The mechanisms that govern the relation between personal mobility and transmission of the AIDS virus (HIV) are still poorly known. Surveys conducted in the River Senegal Valley by two demographers from the IRD and the University of Montreal suggest that the way individuals returning to their community of origin deal with sexual risks depends on the migratory paths (internal or international migrations) and the social pressures prevailing in that community. Such influences cause most migrants to give up any risky sexual behaviour they might have adopted when they were away. Migration could therefore play only a small role in spreading HIV within the 'home' community. This could partly explain why AIDS prevalence in Senegal remains lower than in other West African countries.

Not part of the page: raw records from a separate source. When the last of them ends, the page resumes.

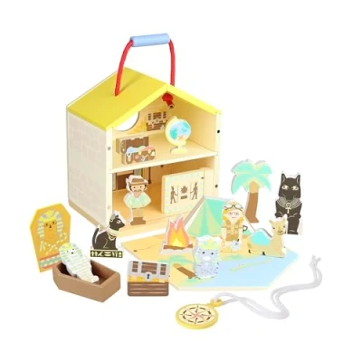 AmazonCOMPLETE SET: Wooden playset includes adventurers, camel, mummy, treasure chest, compass, map, and various Egyptian-themed accessories for immersive play INTERACTIVE DESIGN: Features a magnetic front panel that reveals a desert oasis scene, perfect for creative storytelling and exploration PORTABLE SIZE: Compact dimensions of 20 x 19 x 16.5 centimetres make it ideal for travel and storage, with a convenient carrying handle EDUCATIONAL VALUE: Encourages imaginative play whilst learning about exploration, map reading, and ancient Egyptian themes PLAY FEATURES: Includes unfolding paper map and compass for treasure hunting adventures, plus detailed wooden figures and scenic backdrops, Manufacturer: Orange Tree Toys
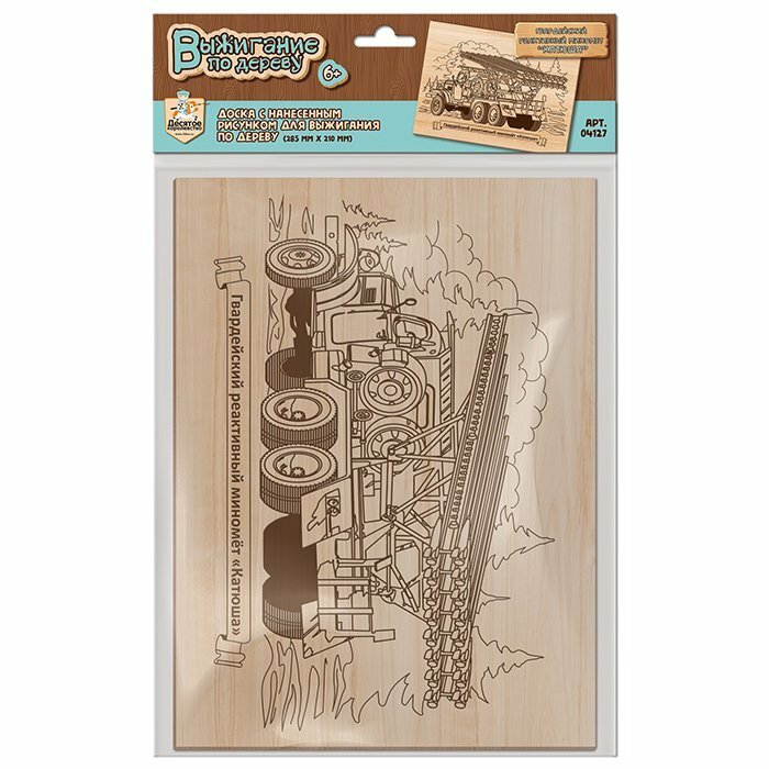 Выжигание По Дереву Доска с нанесенным рисунком. Гвардейский реактивный миномет "Катюша" (в пакете, от 6 лет) 04127, (ООО "Десятое королевство")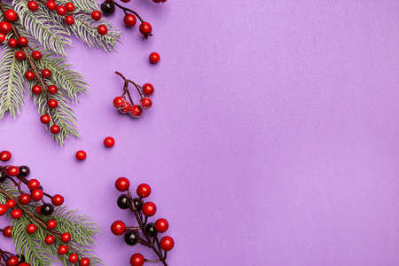 Christmas holidays composition with christmas decorations, red berries branches on purple background with copy space, top view

Ever since AIDS appeared, migration has been thought to be a driving force behind the epidemic. The disease is often represented either as an "imported pathology", migrants being the disease (or at least risk), carriers or as a "pathology of adaptation". Migrants, mainly young men who move around to find work, are subjected to the constraints of a new environment they find in the host region or country. They therefore become economically, socially and emotionally more vulnerable. This situation encourages changes in their sexual behaviour, like multiplication of casual partners and resorting to prostitutes.
Demographers Richard Lalou (IRD) (1) and Victor Piché (University of Montreal) focused on this relation between mobility and sexual behaviour. Findings of surveys performed in 2000 in the River Senegal Valley, among 1320 persons aged between 15 and 49 years old, provided data on the routes taken by the migrants and their personal situations. The ability of these migrants to handle sexual risks of transmitting HIV differed according to the social contexts of the communities they were going back into. Two locations with highly contrasting social situations were studied: the urban centre of Richard-Toll (in the lower valley) and the rural area of Matam (in the middle of the valley). At Richard-Toll international emigration was turned towards countries having low HIV prevalence (Mauritania), whereas the Matam area is the source of substantial international emigration towards countries with higher prevalence (Ivory Coast, Central Africa). In spite of these movements towards countries with high prevalence of HIV seropositive cases, the infection rate in the Matam area remained constant in the years between 1990 and 2002 (about 2%). In these surveys, international mobility, which aims for an African country or another continent, has been distinguished from internal mobility which concerns movements within the country, mainly towards the large towns and cities (Dakar, Saint-Louis and Thiès), and short temporary trips away.
Generally, once migrants arrive in the host community, their sexual behaviour changes to open the way to increased risk of HIV infection. This is the case of migrants from the River Senegal Valley who, with the exception of those on short-term missions, have more frequent sexual relations with casual partners and professionals of the sex trade during their stay than before their departure (2). On their return, many of these migrants give up their risky behaviour. This tendency is stronger overall among international migrants (80% abandon such practices) than in internal migrants (56%). It is also a little more pronounced in the Matam area than at Richard-Toll (72% compared with 62 %).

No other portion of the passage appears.